One concludes that Malta had a GreekProtopapas called Nicolaos, with ties to the Byzantine Church. He died on December 4, 1230, was married, and his wife Milas had died a year before he did.
The implication for Malta’s ecclesiastical history of this entirely new information is highly significant. The title Protopapas implies the existence of a Greek parochial structure with various diocesan priests, under the Protopapas, taking care of the Greek Christian community.
The fact that Nicolaos was married (as allowed by the Greek Church) shows that he was no celibate Basilian monk.

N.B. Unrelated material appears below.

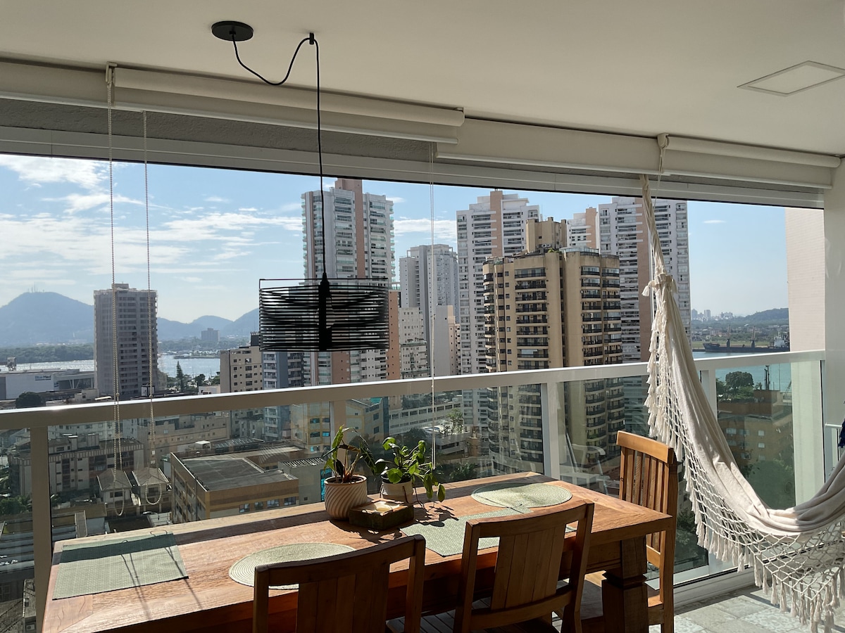 Modern apartment on Aparecida beach. Excellent location, building in front of the beach, close to the bars of channel 5 and the Praiamar shopping mall. On a high floor, with partial sea view, on 3 balconies. Well equipped kitchen (gas grill, microwave, electric oven, cooktop, brewery, wine cellar, coffee makers and dishwasher). Social bathroom. Suite with queen bed, whirlpool and bathroom. Bedroom with 2 king single beds. Mattress/sofa available. Laundry with machine. Air-conditioned.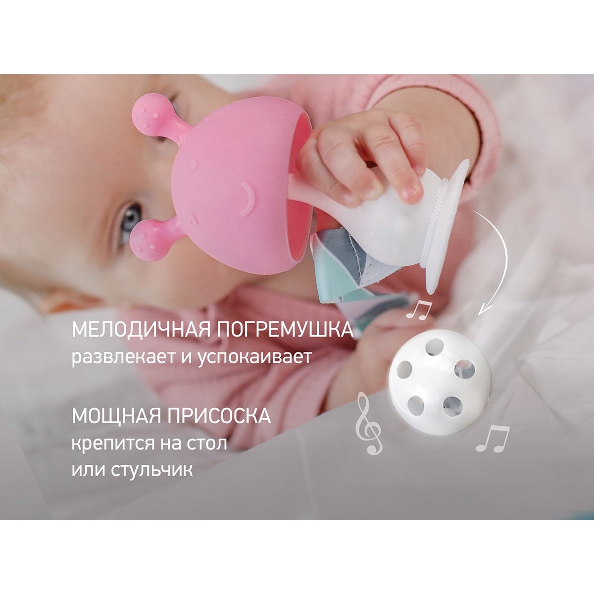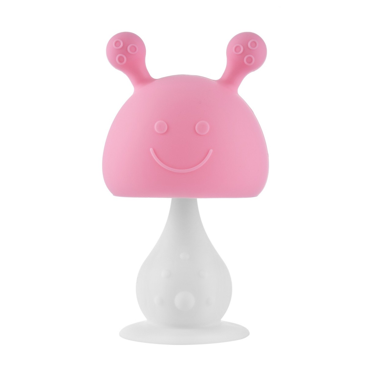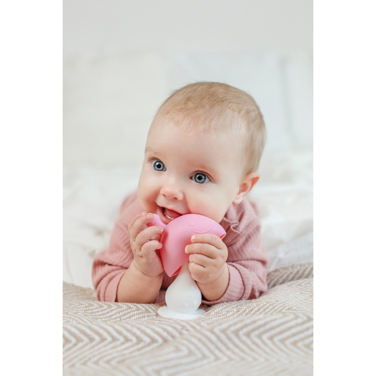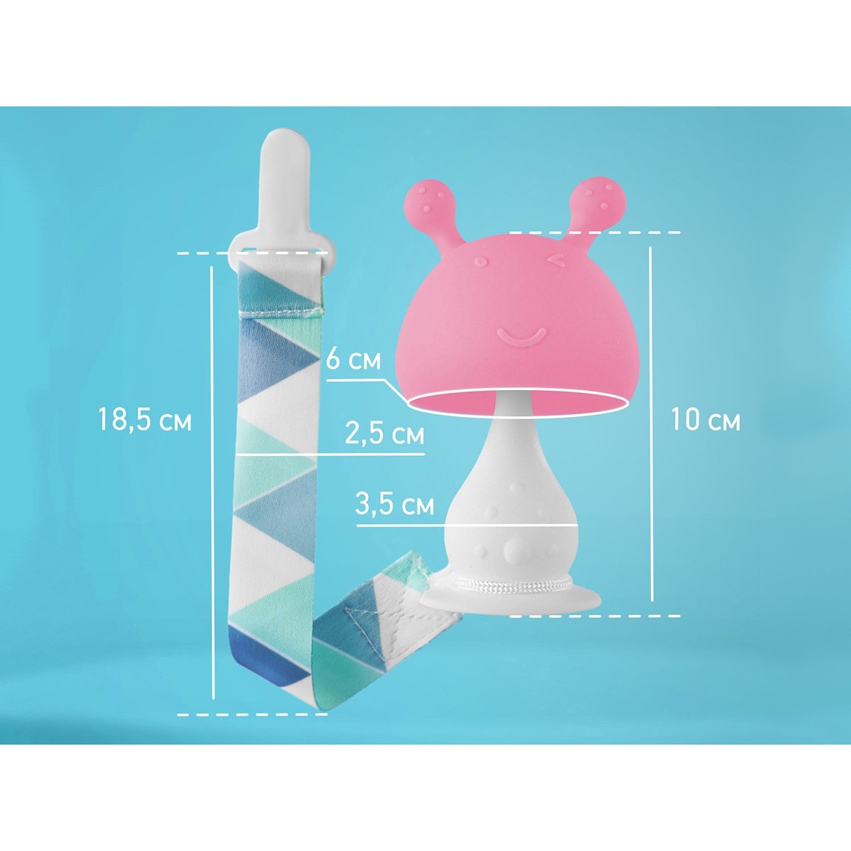Прорезыватель для зубов MUSHROOM в форме грибочка безопасно массирует десны двумя ушками разной степени жесткости и снимает неприятные ощущения во время прорезывания зубов. Элементы в форме соска напоминают малышу мамину грудь. Кулачок малыша полностью помещается внутри полусферы грибочка. Ребенок крепко держит прорезыватель в кулачке и отучается от сосания пальца. Благодаря анатомической форме прорезыватель подходит для новорожденных и может выполнять функцию соски. Использование прорезывателя успокаивает малыша, развивает координацию и моторику рук, мелодичная погремушка внутри привлекает внимание и развлекает ребенка. С помощью присоски прорезыватель можно установить на столик или детский стульчик. В комплект входит держатель с надежной запатентованной клипсой, поэтому прорезыватель не упадет и не потеряется. Один конец держателя прикрепляется к прорезывателю, а второй при помощи специальной клипсы пристегивается к одежде ребенка. Держатель выполнен из двух слоев полиэстера, прочно сшитых вместе, поэтому он не износится и не порвется.

The fact that he died in 1230 places him at the head of the Maltese Christian community (which was still a minority of the population) decades before the first ever mention of a Latin cleric in these islands (apart from the bishop, that is); the Latin cleric – Canon Joannes Zafarana, mentioned first in 1244 – was definitely Sicilian and, as will be shown in a forthcoming publication, had only tenuous links with Malta, living as he did in Palermo.
This information corroborates fully the thesis propounded in my recent joint-publication (with Mgr Joseph Busuttil and Professor Horace C.R. Vella) Tristia ex Melitogaudo, where it is shown that the Maltese Church continued to be Greek, as it had been since before the Arab conquest, and was only gradually taken over by the Latin Church in a process that spread itself over a good couple of centuries.
Another important marker in this process are the names of four witnesses authenticating, c. 1300, the copy of the poem Tristia: two Greeks, the deacon Philippos Gautes (that is, the Gozitan) and Notary Bartholomaios Falcón, son of the priest Joannes, and the two Latin priests, Odo and Jacobus.
This is highly suggestive of how, at the end of the 13th century, the Greek Church was still vigorous but already being superseded by the Latin. By the end of the following century, in exactly the same way as was happening in Sicily at the time, the Greek Church had petered out. The Tetraevangelio was then no longer needed here and it found refuge in one of the last bastions of the Byzantine Church in Sicily.